Generally the humanists of India have taken as their top priority the need for a basic
cultural renaissance in which education has the highest priority. This includes the need
to cultivate an appreciation for critical thinking and science, the values of individual
freedom and autonomy, self-determination and self-respect. Humanists believe that, if
India is to enter fully into the modern world, each individual needs to improve his or her
own condition in life. Indians need to take responsibility for their own destiny. But if
they are to succeed, the rest of the world, I submit, has an obligation to help them by
providing the tools. The distinguished French astrophysicist Jean-Claude Pecker felt
pessimistic about the enormity of the problem and expressed some reservations about what
we in the humanist world can do to help. In my address to the Congress I argued for the
need for courage and determination, not despair or nihilism, and I was pleased by the
positive response that this evinced from the delegates present.
An Ethic of Caring
I submit that neohumanists need to defend the ethical principle that we have a
responsibility to care about each and every person in the planetary community, and that
this obligation should extend beyond our own societies to humanity as a whole. We
cannot and should not abandon our fellow human beings in Asia, Africa, and Latin America.

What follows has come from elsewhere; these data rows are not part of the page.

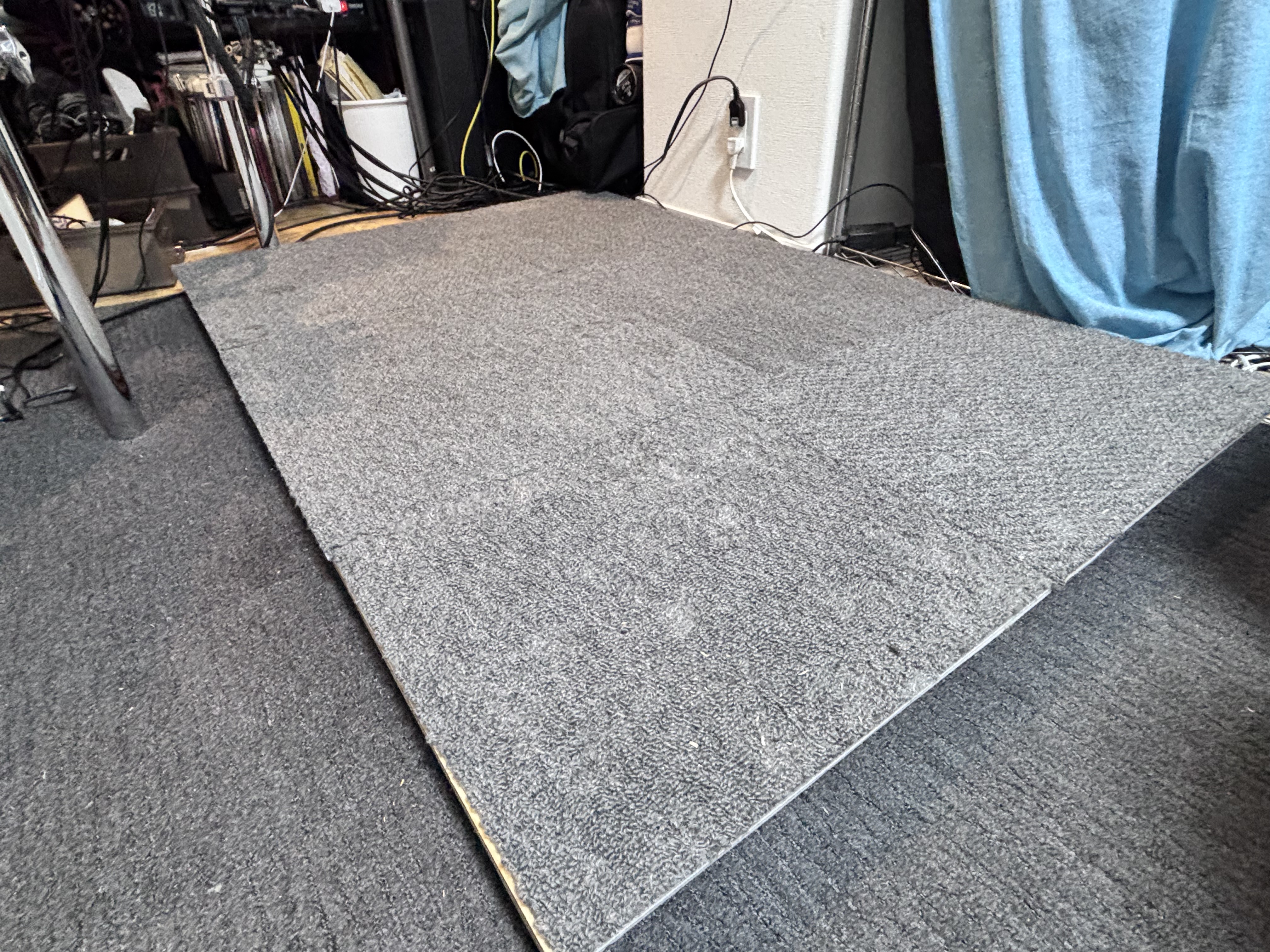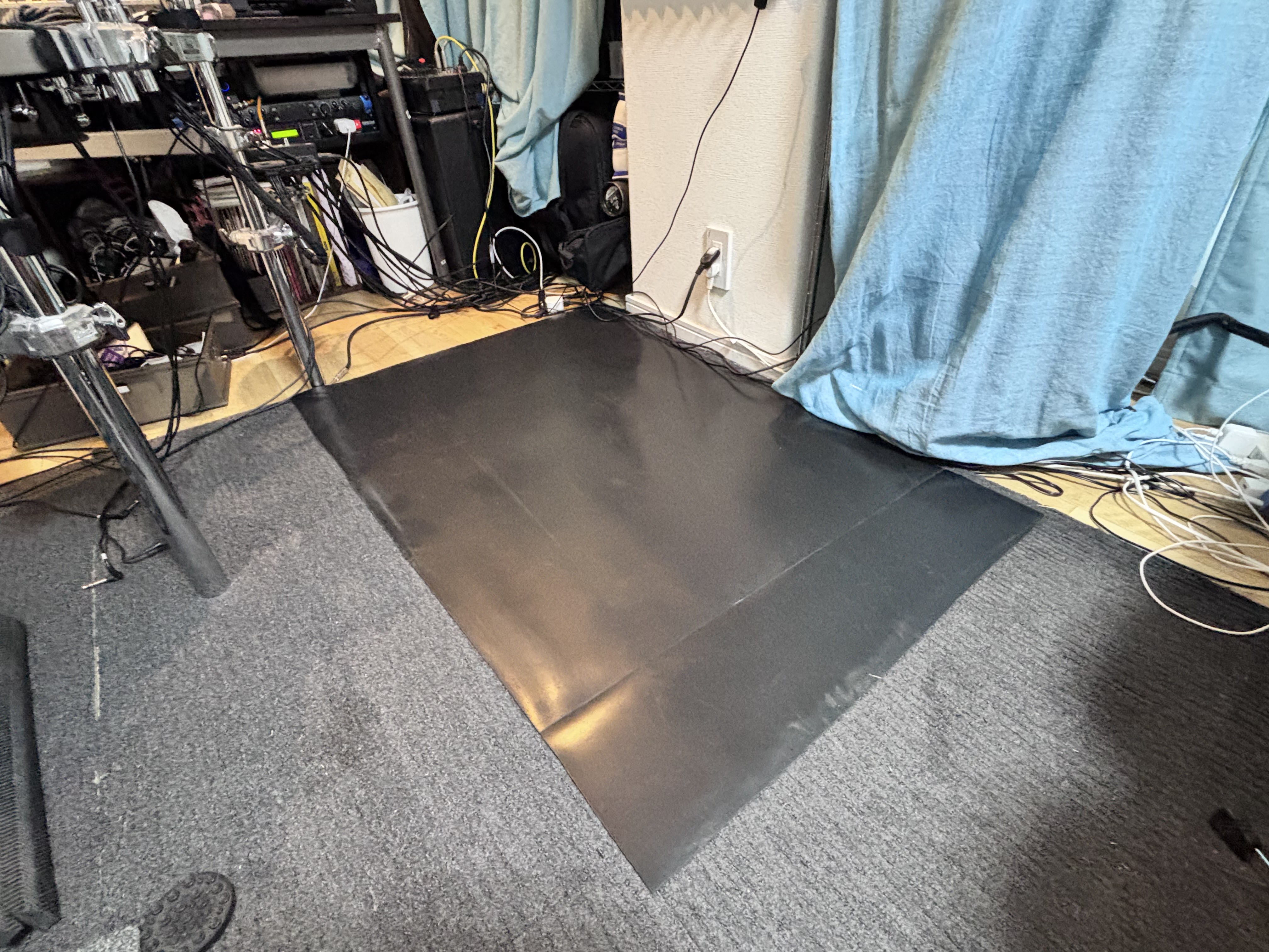 最下層に敷くゴムシートです。床との密着を均一にすることで、コンパネが安定して防振層全体が正しく機能するようになります。薄くても密度が高く重さがあるため、ジョイントマットより防振への寄与が高いです。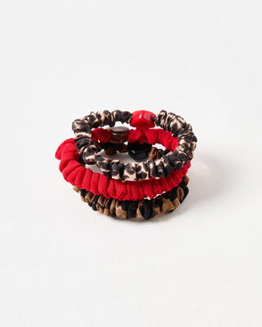 Cecily Animal Print & Red Heart Mini Scrunchies Set Of Three
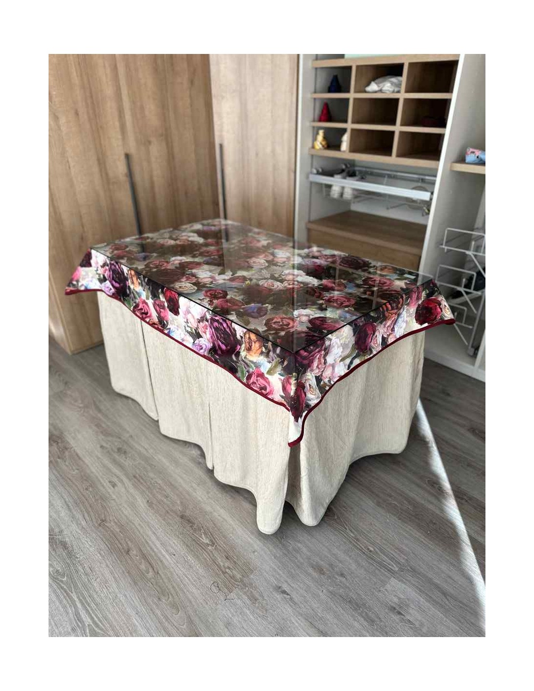 Disfruta la calidez de esta ropa de mesa camilla con tejido chenilla de 8 pliegues con tapete. Tacto suave y agradable, mantiene la temperatura facilitando el ahorro de consumo energético.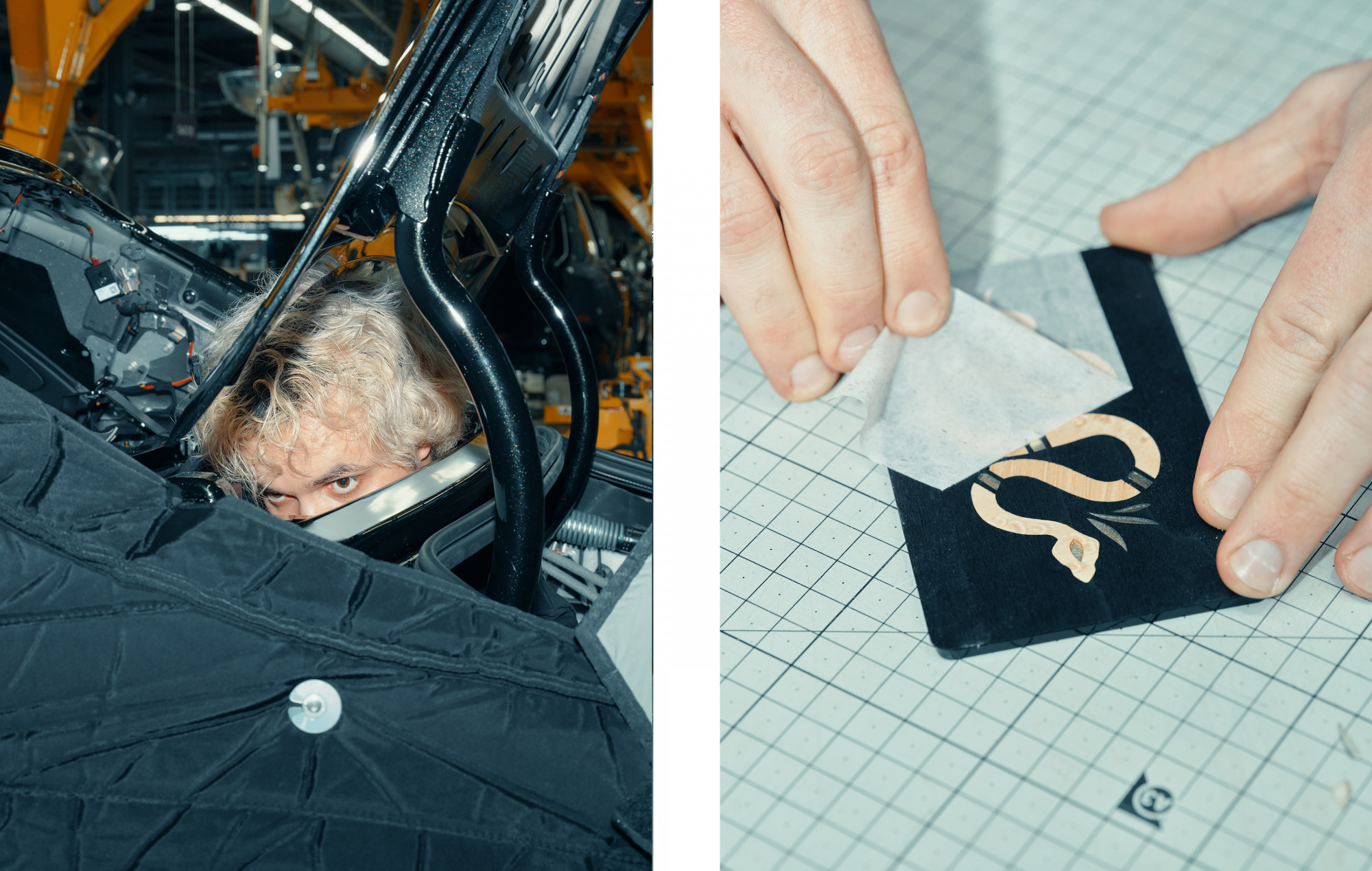 Tehničar radi na automobilu na proizvodnoj liniji (levo), a desno je detaljan prikaz nanošenja zlatnog lista na prilagođeni unutrašnji deo u Centru za unutrašnje površine | Murray Ballard/Bloomberg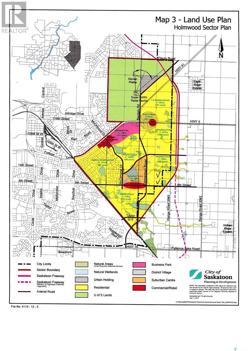 This 80 - acre parcel of land in Saskatoon is a remarkable opportunity for anyone interested in residential development. Located in the Holmwood Sector and officially designated for residential growth as part of Neighborhood 4, this property boasts a strategic position just 2 kilometers east of McOrmand Road on 8th Street East. This prime location not only ensures ease of access but also offers high visiblity, making it an attractive option for developers and investor eager to contribute to Saskatoon's dynamic growth story. This City of Saskatoon Sector Plan supports residential development in this area, adding an extra layer of crediblity and potential for future expansion. For those with a keen eye on investment, this property is ideal for both immeidate development and long - term gains. (id:43042)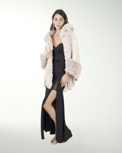 ESTOLA LARGA ESTILO ABRIGO, CON PELO SINTETICO EN MANGAS, CUELLO Y EN ABERTURA.
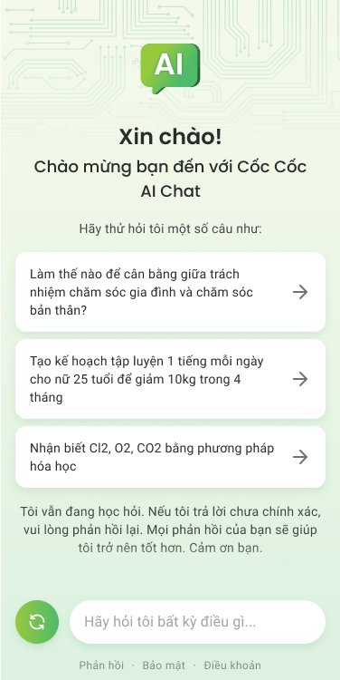 Bạn hỏi càng rõ ràng, Cốc Cốc AI Chat đáp càng đúng ý. Cách hỏi của bạn càng sáng tạo thì bạn càng khai phá được nhiều tiềm năng của Cốc Cốc AI Chat. Từ học tập, công việc cho đến cuộc sống, dù là lĩnh vực nào thì Cốc Cốc AI Chat cũng có thể hỗ trợ bạn.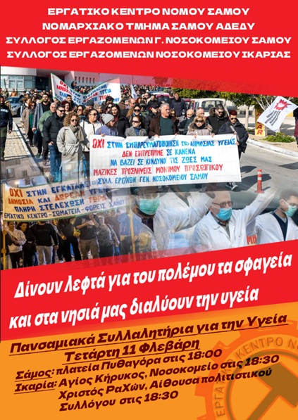 Εργατικό Κέντρο – Σύλλογοι Σάμου: Πανσαμιακά Συλλαλητήρια για την Υγεία Τετάρτη 11 Φλεβάρη

Given this ethical principle intrinsic to the global community, there are a number of
practical programs of action that follow. High on the list is the need to support family
planning efforts, to improve nutrition and health, to advance programs of modern
education, to protect the environment, and to encourage foreign capital investments in new
industries. Many in the West have been rightly concerned about the nuclear bombs that
India and Pakistan have tested. The real bomb, in my view, that we should be concerned
about, is the population time bomb; and the neohumanist worldwide political
coalition, wherever possible, should cooperate in attempting to defuse it. We should do
this not only because it is in the interest of the people who live in those countries, but
it is in our own long-range self-interest to help secure a safe, healthy, inhabitable
planet. The humanist approach must focus on the needs of the individual families as
perhaps the best way to stem population growth and also improve the health and standard of
living of ordinary people.
Paul Kurtz is the Editor-in-Chief of Free Inquiry Magazine.